Mia cara Berenice,
dopo una lunga gestazione e nonostante qualche perplessità degli scienziati, è confermata a partire dal 3 giugno la riapertura dei confini regionali, un’impresa che in Italia perseguiamo fin dall’Unificazione e mai dal tutto conclusa.
D’altronde, come sai, l’Italia è uno Stato giovane, niente a che vedere con le origini sacro-imperiali dell’Austria. È del 17 marzo 1861 la Legge n. 4671, composta di un unico articolo che recita: “Il Re Vittorio Emanuele II assume per sé e suoi Successori il titolo di Re d’Italia”.
Ne “I Malavoglia”, Giovanni Verga (Treves, Milano, 1881) usa la celebre espressione “né scia né vossia” per descrivere la babele di lingue e dialetti regionali parlati durante la battaglia di Lissa del 1866.

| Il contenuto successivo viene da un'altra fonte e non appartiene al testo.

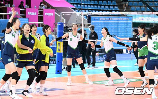 경기 종료 후 현대건설 선수들이 승리의 기쁨을 나누고 있다. 2022.08.18 /sunday@osen.co.kr

Quello scontro, incidentalmente, lo vinceste voi. Il vostro ammiraglio Wilhelm von Tegetthoff, per sottolineare la sconfitta subita dall’Italia con un naviglio superiore e un Corpo Ufficiali scadente, avrebbe commentato: “Navi di legno comandate da uomini con la testa di ferro hanno sconfitto navi di ferro comandate da uomini con la testa di legno”. Il Capo di Stato Maggiore italiano, generale Armando Diaz, replicò idealmente a questa frase forse apocrifa con il bollettino del 4 novembre 1918, recante l’annuncio della vittoria finale sull’Austria, in cui si precisa immediatamente come l’esercito italiano avesse combattuto “inferiore per numero e per mezzi”.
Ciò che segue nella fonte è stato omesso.